Перси числился выходцем из многодетной семьи, пытающим счастье в университете большого города, и находился в превосходных отношениях как с дальними, так и с близкими родственниками. Пожалуй, он даже неплохо закончил бы это треклятое училище, если бы не повстречал сбежавшего из дома Бруно и не стал с ним не разлей вода.
Парень продолжал писать. Его пальцы тряслись, и без того неровный почерк еще пуще пустился в пляс, чернила растекались ультрамариновыми кляксами, а кончик пера то и дело царапал бумагу, едва не надрывая ее.
«Это был несчастный случай, правда? — звучал где-то в глубине подсознания его внутренний голос. — Обыкновенный несчастный случай.. Забравший все, что у тебя было».

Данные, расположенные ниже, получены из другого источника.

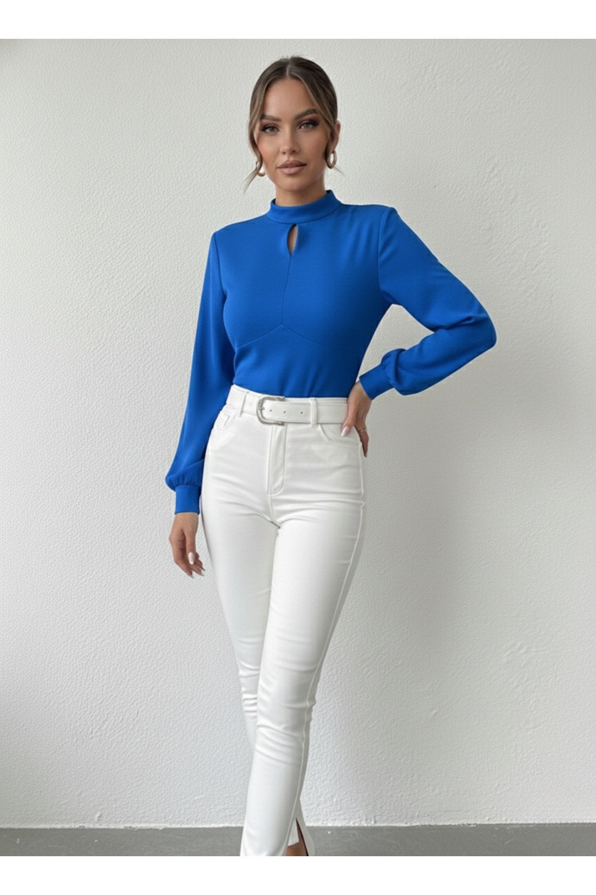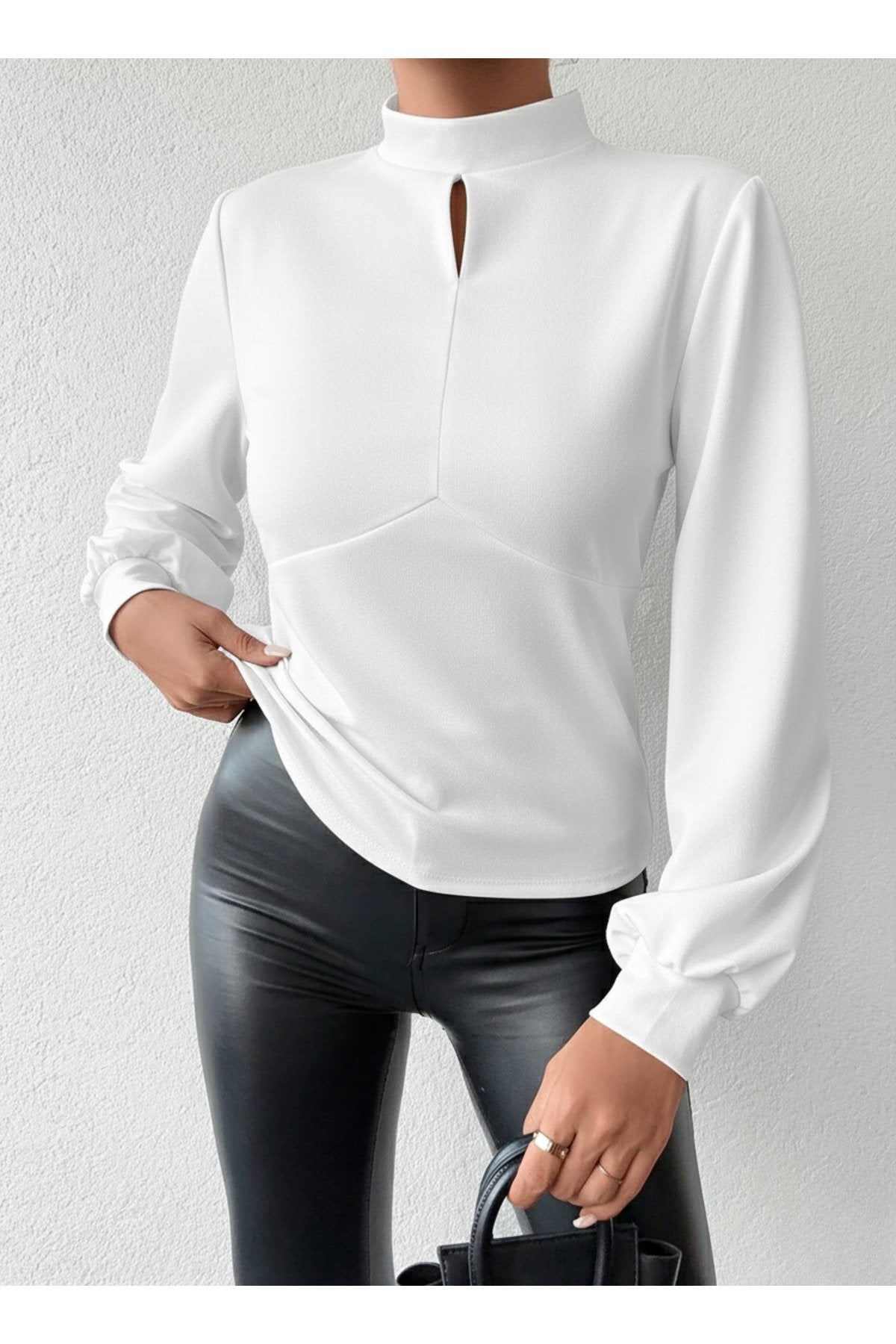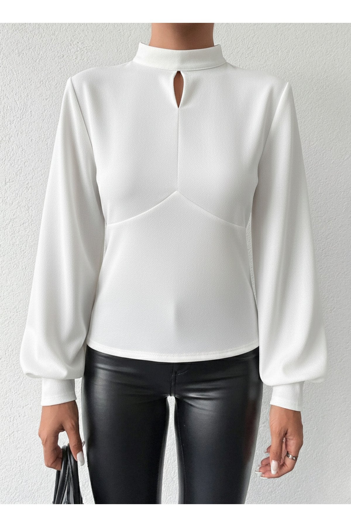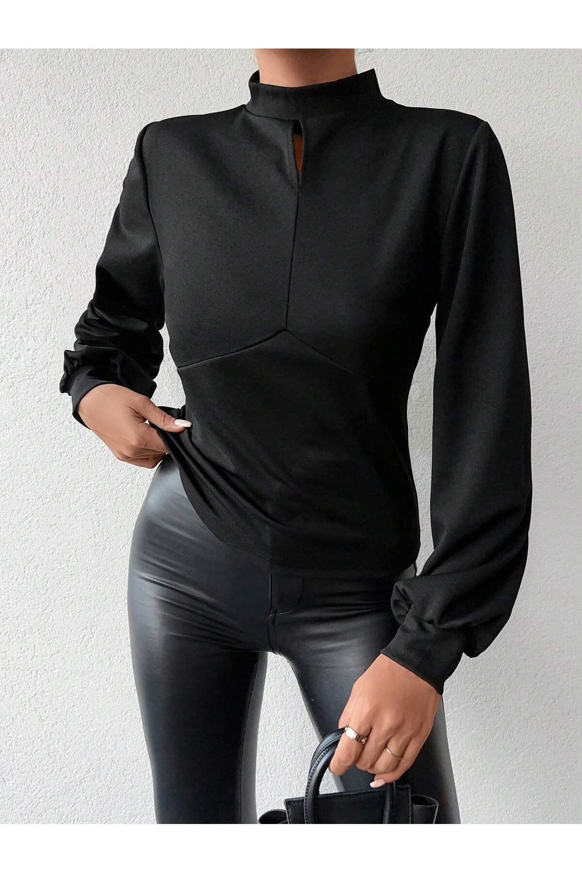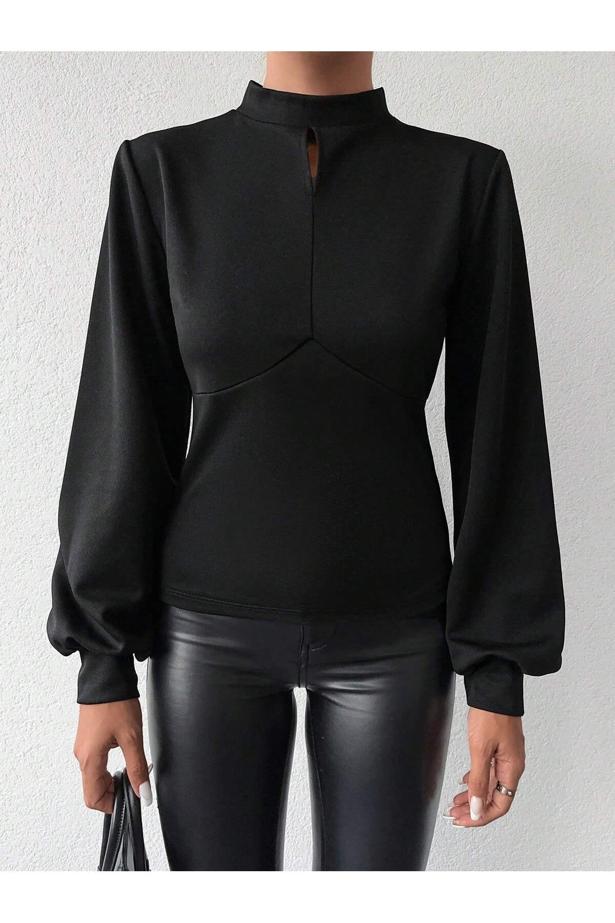 - Dik yaka tasarımı ile modern ve şık bir görünüm sunar.; - Tek parça halinde gelen bu bluz, gardırobunuzda kolayca yerini alır.; - Pratik düğmeli kapama şekli sayesinde giyip çıkarması rahattır.; - Balon kol detayı ile feminen ve zarif bir siluet çizer.; - Düz deseniyle sade ve şık bir tarz yaratmanızı sağlar.; - Uzun kol boyu, mevsim geçişlerinde ideal koruma sunar.; - Cut out detayı ile modern ve dinamik bir hava katar.; - Scuba Krep dokuma tipi, dayanıklılık ve konforu bir arada sunar.; - Baskısız tasarımıyla zamansız bir şıklık yaratır.; - Kapsız yapısıyla hafif ve rahat bir kullanım sağlar.; - Basic siluetiyle her tür alt giyimle kolayca kombinlenebilir.; - Orta kalınlıkta kumaşı sayesinde mevsim geçişlerinde idealdir.; - Cut out detayları ile dikkat çekici bir görünüm kazandırır.;

Забросив колледж и сделавшись карточным шулером, контрабандистом и вором в одном флаконе, Перси все равно продолжал поддерживать отношения с семьей и каждый месяц слал письма, где откровенно лгал о своем житье-бытье, чтобы не пугать родных подробностями своей настоящей жизни. После его гибели необходимость держать его семью в полном неведении легла на плечи Бруно.
Парень проводил часы, со всей сосредоточенностью вникая в черновики старых писем своего лучшего друга, и изо всех сил старался подражать его стилю речи, чтобы никто не заподозрил неладное. Он перечитал весь ворох посланий, что приходили Перси от родителей, братьев и сестер, бабушек и дедушек, дядь и теть, кузин и кузенов, и пытался уложить в голове все особенности этой богатой родословной, чтобы понять какие именно вести каждый из родственников хотел бы извлечь из конверта. И наконец, отчаянно сдерживая слезы, Бруно листал личный дневник покойника и пытался впитать с его потрепанных страниц те знания, которые могли бы пригодиться ему в поддерживании хрупкой иллюзии того, что Перси еще жив.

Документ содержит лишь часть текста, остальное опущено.